── Data supplied ──

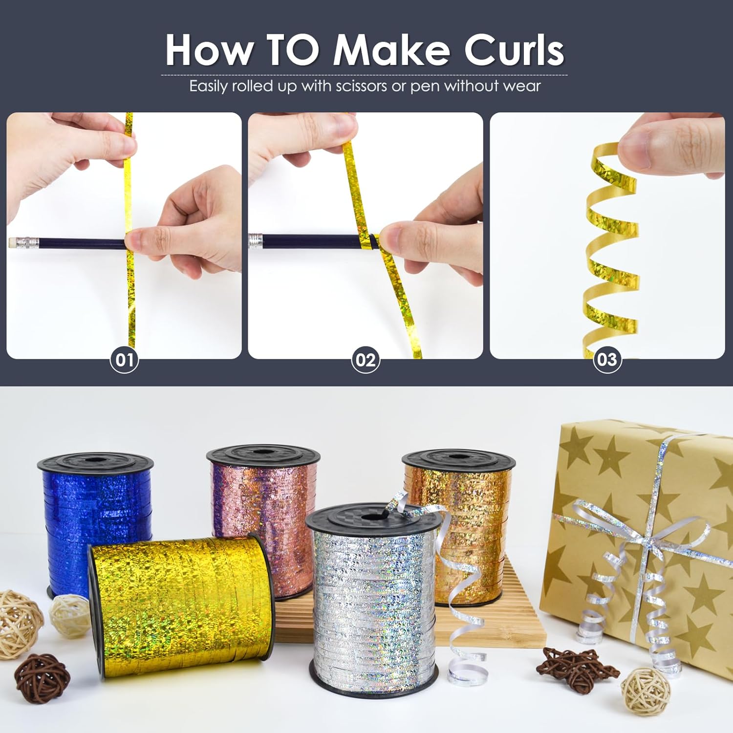 - Easy to Curl: Quickly curl with scissors or wrap around a pen for easy, elegant curls—perfect for decoration, gift wrapping, and crafting projects.
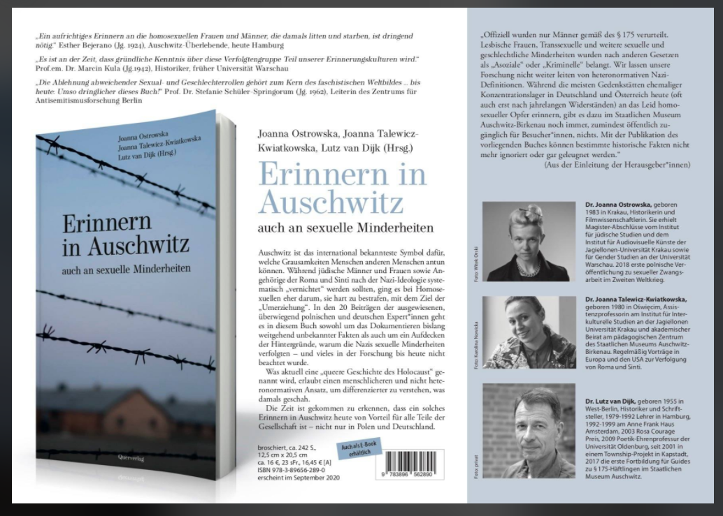 AHDA alumna Joanna Talewicz-Kwiatkowska (2018) together with Dr. Joanna Ostrowska and Dr. Lutz van Dijk released a new volume "Erinnern in Auschwitz much an sexuelle Minderheiten" in Germany, Austria and Switzerland. A first preview of the book in German will take place online on Wednesday, 23 September 2020 via #allabendlichqueer
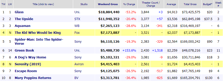 "Glass" comanda por segunda semana consecutiva la taquilla USA con 19 millones de dólares que ofrecen un acumulado de 73,6. “The upside” y “Aquaman” completan el pódium pero destaca el estreno de “El niño que pudo ser rey”, lo nuevo de Joe Cornish (“Attack the block”) y que tiene como protagonista a Louis Serkis, hijo de Andy Serkis, en una cinta que lleva a nuestros días la leyenda artúrica.
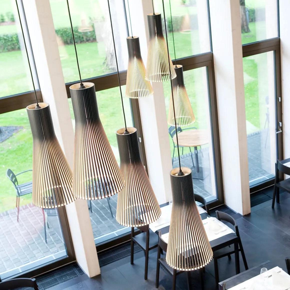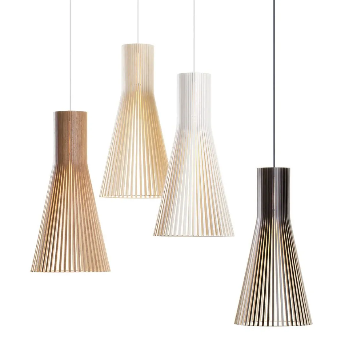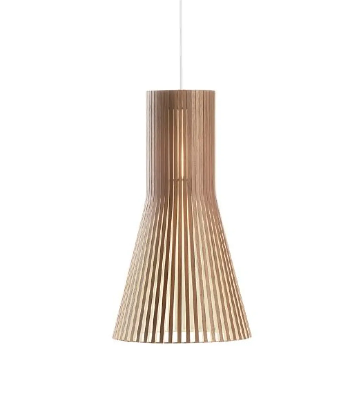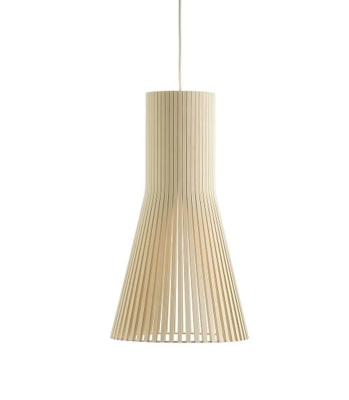 La suspension Secto 4200 de chez Secto Design, avec son style nordique, est entièrement fabriquée à la main par des artisans hautement qualifiés et certifiés de Finlande. Les lattes des abat-jours sont reliées par des anneaux réalisés en « aircraft plywood », matériau utilisé en aéronautique car hautement résistant à la chaleur. Cette suspension dispose d’un câble électrique de 1.5 m de longueur (câble plus long sur demande). Secto Design a une démarche citoyenne sur la réduction de son empreinte écologique en s’approvisionnant localement en bois et en recyclant ses déchets comme bois de chauffage, en jouets pour les crèches ou pour les écoles de menuiserie. Très tendance, cette suspension Secto affiche des finitions élégantes et minimalistes. Grâce à sa forme conique, très raffinée, cette suspension devient un véritable élément de décoration.
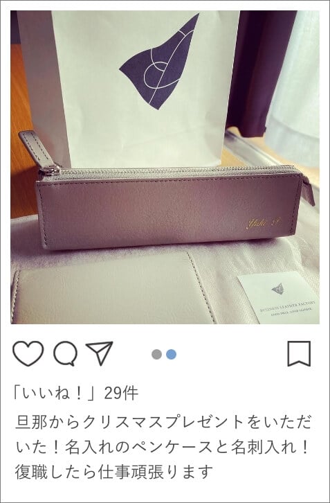 退職する方へ差し上げました。実物を見るまでドキドキでしたが革の滑らかさ感触、色味、刻印してもらった名前も上品な感じで大満足です。
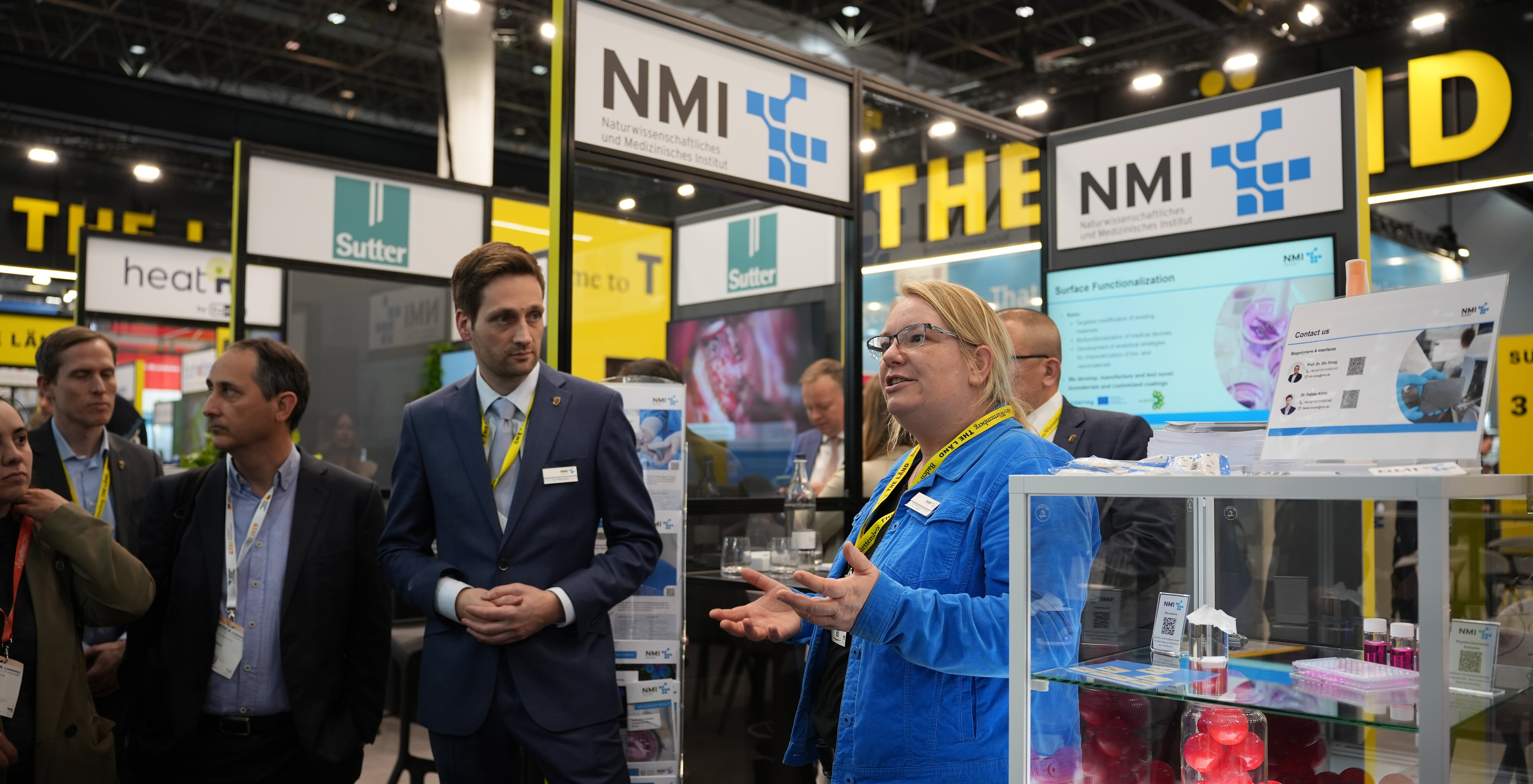 Four days at one of the world's largest medical technology trade fairs: Once again, the NMI was represented with a booth at MEDICA in Düsseldorf. Xin Xiong, Fabian Körte, Nicole Schneiderhan-Marra, and Alex Dulovic presented the institute's work and services. On one day, they were joined by Ulrike Passlack from our partner institute IMS Chips.
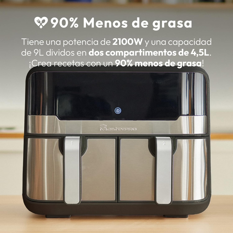 La freidora Masterpro Rocket Duo cuenta con una capacidad de 9 litros y ofrece un sistema de cocción sin aceite, lo que permite preparar alimentos de diferentes tipos. Su potencia alcanza los 2400 W, lo que facilita el calentamiento rápido y la cocción de los ingredientes. Este producto incluye un panel de control digital que permite ajustar la temperatura y el tiempo de cocción. Además, dispone de múltiples funciones, como asar, hornear y gratinar, ampliando las posibilidades culinarias. La freidora está equipada con tecnología de circulación de aire caliente, lo que asegura una distribución uniforme del calor. Incluye una bandeja de cocción extraíble para facilitar la limpieza. La cesta de cocción admite diversos alimentos, logrando una preparación variada. Este aparato está diseñado para ser utilizado en la cocina, integrándose en diferentes tipos de preparaciones de manera eficiente. Es compatible con una variedad de recetas que requieren cocción a alta temperatura. El dispositivo cumple con las normativas de seguridad para aparatos eléctricos y cuenta con un sistema de bloqueo de seguridad. Su construcción permite un uso prolongado en el tiempo.

───

Task details
Copy nothing but the lines above from the one with "La suspension Secto" to the one with "Four days at", inclusive, word for word. Leave every picture out.

Answer space
 La suspension Secto 4200 de chez Secto Design, avec son style nordique, est entièrement fabriquée à la main par des artisans hautement qualifiés et certifiés de Finlande. Les lattes des abat-jours sont reliées par des anneaux réalisés en « aircraft plywood », matériau utilisé en aéronautique car hautement résistant à la chaleur. Cette suspension dispose d’un câble électrique de 1.5 m de longueur (câble plus long sur demande). Secto Design a une démarche citoyenne sur la réduction de son empreinte écologique en s’approvisionnant localement en bois et en recyclant ses déchets comme bois de chauffage, en jouets pour les crèches ou pour les écoles de menuiserie. Très tendance, cette suspension Secto affiche des finitions élégantes et minimalistes. Grâce à sa forme conique, très raffinée, cette suspension devient un véritable élément de décoration.
 退職する方へ差し上げました。実物を見るまでドキドキでしたが革の滑らかさ感触、色味、刻印してもらった名前も上品な感じで大満足です。
 Four days at one of the world's largest medical technology trade fairs: Once again, the NMI was represented with a booth at MEDICA in Düsseldorf. Xin Xiong, Fabian Körte, Nicole Schneiderhan-Marra, and Alex Dulovic presented the institute's work and services. On one day, they were joined by Ulrike Passlack from our partner institute IMS Chips.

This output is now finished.